4. It does not sufficiently account for competing explanations

The text repeatedly interprets low excess mortality in 2021 as if it were strong evidence in favor of vaccine safety. But low excess mortality in that period could also reflect multiple other factors: lower severe viral burden before later waves, non-pharmaceutical interventions, reduced circulation of other respiratory pathogens, preserved hospital capacity, changes in healthcare utilization, and protection of high-risk groups through a combination of measures. A competent analysis does not merely mention one favored explanation and move on. It must show that competing explanations were controlled for, or at least explicitly weighed. Here, the competition between explanations is not treated symmetrically.

5. It relies on projections and counterfactuals without making the modeling basis transparent

The text repeatedly states that observed mortality or cancer incidence did not differ from projected or counterfactual expectations.

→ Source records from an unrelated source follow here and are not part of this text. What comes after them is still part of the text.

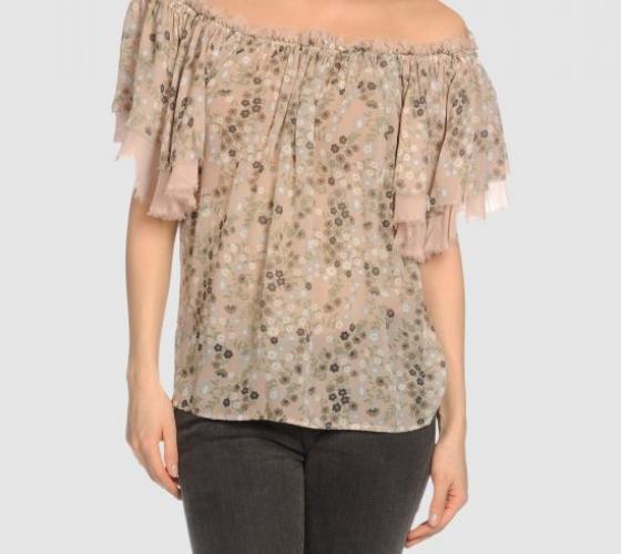 В числе модных и блузки в этническом стиле табачно-пастельной цветовой гаммы. В качестве аксессуаров выбирайте темные деревянные этнические кулоны.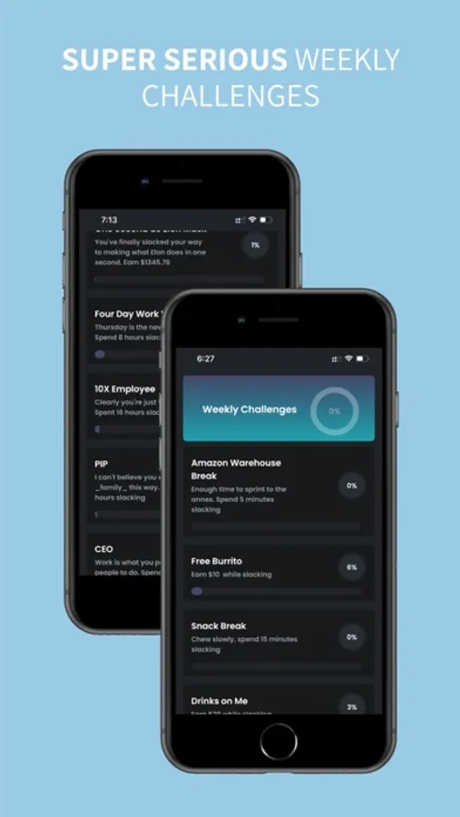 Strive to complete weekly challenges based on the time and money your earn while slacking.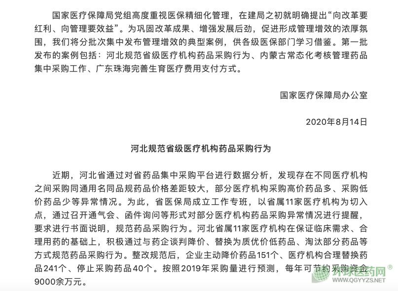 值得注意的是,在8月14日,國家醫(yī)保局在發(fā)布的第一批醫(yī)保管理增效案例中就介紹了河北規(guī)范省級醫(yī)療機構藥品采購行為的探索。

That is a serious claim, but the underlying modeling structure is not adequately exposed in the prose. If one says an observed series stayed within a 99% prediction interval, the obvious questions are: What baseline period was used? Which model generated the prediction? How were age structure, secular trends, seasonal effects, delayed diagnoses, coding shifts, and pandemic-era disruptions handled? How wide were the intervals, and how sensitive were the conclusions to alternative specifications? Without those details, the statement sounds rigorous while remaining only partially auditable. The conclusion is strong, but the modeling transparency is insufficiently matched to that strength.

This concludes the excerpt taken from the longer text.